Curiously, Chinese medicine in Hong Kong is very different from TCM in China. In fact, it is closer to the original practice and let’s hope it won’t be re-scripted by the Chinese Communist Party in the future.
CM: Cosmic Call is characterized by a narrative full of twists and turns, which, seen in retrospect, creates a prodigious chain of signifiers and stories. There is a constant test of the viewer’s credulity, along with a particular satisfaction in taking our imagination to places we would not have imagined beforehand. How did you arrive at the idea of such a twisted plot? Is it related to the feeble condition of truth in contemporary society, or does it have to do with your aesthetic leanings, in terms of an artistic program?
AS: Before the Contagious Cities project, I came across some fascinating images of comets in The Augsburg Book of Miracles, a collection of 16th Century illustrated manuscripts. I knew all along that I wanted to incorporate these images. Then I read about the theory of panspermia in a book about epidemics… one thing led to another, and gradually the story took shape.
The ideas came naturally. The more I read about a topic, the easier it gets to connect the dots. For some bizarre reason, I always romanticize the fact that people suffering from schizophrenia have the talent to crack codes and to see connections between things. On the other hand, I am also aware that, if you want to find connections, you will always find them. Coincidence exists in minute details and, unfortunately, coincidence feeds conspiracy.
There is a noteworthy subplot in Cosmic Call regarding bioweapons… In 1894, the Japanese bacteriologist Kitasato Shibasaburo, who studied under the renowned German microbiologist Robert Koch, travelled to Hong Kong during the plague outbreak and identified the plague bacillus. Forty years later, in 1941, during the Second Sino-Japanese War, the Epidemic Prevention and Water Purification Department of Japan’s Kwantung Army, better known as Unit 731, spread plague-infected fleas among Chinese cities. That same year, Dr. Enryo Hojo of Unit 731 reached out to the Robert Koch Institute and gave a lecture about bioweapons at the military academy in Berlin. The bioweapon institute headed by the Nazi scientist Kurt Blome is actually known to be very similar in design to Unit 731’s facilities in Manchuria. Rumor has it that, after World War II, the United States used data obtained from Unit 731 for its own biowarfare research program. In 2003, there were speculations that SARS could have been a bioweapon against China, developed in the US. Today, it is speculated that SARS-CoV-2 is a bioweapon created in China, but funded by the US.
I guess there are always mysteries that we can never solve, and we have to be vigilant about rumors, as they are often used by the authorities to divert attention from the real issues at hand.
CM: I guess it would be fair to say that contemporary culture suffers from a plague of conspiracy theories and a yearning for prophecy. Cosmic Call is woven with a chain of unproven secrets and eventually leads to some sort of myth of super-humanity. Beyond these thematic interests, it feels as if its concerns predate the current COVID-19 outbreak, and the centrality of its Chinese origins in the many outbreak narratives being developed by both the media and politicians around the world. It would seem to me that you got trapped in the spider web of your own fantasy: how can one address the way making art becomes entangled with history, to the point of being visionary?

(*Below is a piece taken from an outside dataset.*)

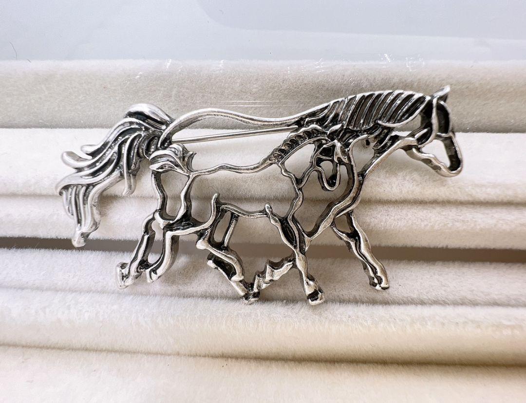 - 【ブローチ】馬 ホロアウト アンティークシルバー 乗馬 馬術 競馬
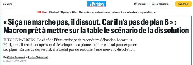 «В такой ситуации Эмманюэль Макрон готов вскрыть карты: по нашей информации, он может пойти на сценарий нового роспуска парламента. «Если это не удастся, он распустит парламент. У него нет запасного плана», — отмечает один из его близких соратников. Это станет последним элементом давления в игре президентского покера. Все или ничего... в последнюю минуту безумной недели», — сообщает издание.

AS: Now that you’ve mentioned it, Cosmic Call does feel like a self-fulfilling prophecy. Whether or not something is prophetic can only be said in hindsight. If there was no COVID-19, Cosmic Call would just be a work that questions the dominant narrative—all in all, a regular research-based video. It reminds me of the fine line between prophecy and paranoia. I would say that the relevance of Cosmic Call is the result of timing (that’s probably why no prophecies come with a clear timeframe for fulfillment) and that the “prophecy” is really a logical deduction based on my research.
Cosmic Call was never meant to prophesize a future epidemic originating in China (nor to imply other threats from China), it’s more like a warning about the high possibility of disease outbreaks, given that Hong Kong is a densely-populated international port in close proximity to China, a country with questionable public health regulations. And knowing that everything that brings us together as a civilization—human interactions, progress, migration and globalization—is what makes us vulnerable to epidemic outbreaks, it was very safe to deduce that, sooner or later, there would be a pandemic.
I am not sure how to address how art-making predicts its own significance. Perhaps we should address why history is doomed to repeat itself? As suggested previously, I am interested in conspiracy theories, but I do agree that we have been drowned in conspiracies over the past 10 years because of politics, social media and disinformation. Conspiracies and rumors are dangerous, especially when they are circulated by the state’s propaganda machine. However, I would like to think that the way I piece together different facts is more like what Agent Mulder does in The X-Files. I am simply looking for answers, trying to make sense of this crazy world with the hope of finding a way out of this senseless cycle of repetition.
CM: The final scenes of the film are fascinating: a gothic performance in which viruses are posited as a means of personal transformation. I am very impressed by the way you mixed science fiction and medical fantasies, creating an ambivalent view of the constantly mutating and biologically invasive condition of our bodies. Can you speak about your fantasy? How did you develop the collage between pseudo-documentary and performance art that defines this work?
AS: I’ve always been interested in old medical illustrations. For some obscure reasons, I find peering deep into the body very titillating. Perhaps it spawned from a mix of the desire for knowledge, the visceral response to the seduction of the flesh and the fascination with the monstrous body undergoing constant transformation. I also like the idea of the flayed body, where the chaotic, messy interior breaks free from the boundary of the skin. It is immensely sexual and seductive, or maybe it’s my death drive.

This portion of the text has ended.